The system of Asthanga Yoga was described in the book The Yoga Sutras by the Indian scholar Patañjali, who codified his thoughts and knowledge of yoga coming from ancient Sanskrit texts.
Mostly it's said that Patanjali wrote his book on Yoga somewhere between 300 B.C. and 200 A.D. In India it’s believed that Patanjali wrote also a book about grammar and aotherone about Ayurveda, but Western science says that these books have been written by another sage with the same name.
An Indian legend tells that the people were suffering and so they prayed to Vishnu to help them. They did this with the Anjali Mudra, which is formed by the hands making a bowl and raised then to the sky.
Vishnu was resting on his bed, which is formed by Adisesha (= the first Sesha, king of snakes). The king of all snakes is generally depicted with a massive form that floats coiled in space, or on the universal ocean, to form the bed for Vishnu. When Vishnu heard the praying of the people on earth and told Adisesha to reincarnate in human form and bring the people the knowledge they wanted. So Adisesha took the human form of Patanjali and fell out from heaven into the praying hands of a woman who became the mother of Patanjali. The name Patañjali comes from "Pata" to fall and "Jali" referring to the above mentioned Mudra.. Patanjali's book "The Yoga Sutras" is thus seen as a way to reduce and eliminate human suffering.
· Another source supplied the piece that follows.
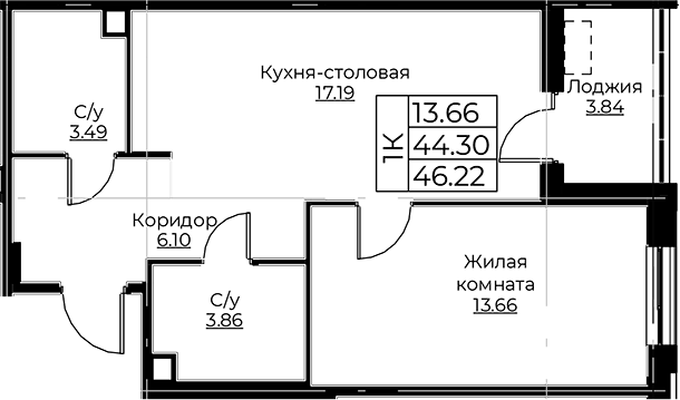 - S общая: 44.3 м2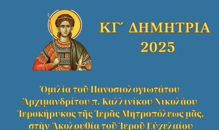 Ενοριακές ΕιδήσειςΟμιλίες25 Οκτωβρίου, 2025Διαβάστε περισσότερα..Ἡ Ὁμιλία τοῦ κ. Ἐλευθερίου Ἐλευθεριάδη πραγματοποιήθηκε στὶς 19/10/25 στὸν Ἱερό μας Ναὸ στὰ πλαίσια τῶν Ἑορταστικῶν ἐκδηλώσεων τῶν ΚΓ΄ Δημητρίων πρὸς τιμὴν τοῦ Προστάτου τῆς ἐνορίας μας.

Often Patanjalis statue is white as a symbol for purity. Sometimes he holds a cone and a sword. The cone stands for knowledge (makes a sound) and the sword for the power to remove obstacles. A snake with 1000 heads forms a hood over his head. The snake stands for the ability to adapt to any climate, area and circumstances. The 1000 heads symbolise 1000 solutions for 1000 problems.
The lower part of the body is often in snake form referring to the incarnation of Adishesha, the king of snakes.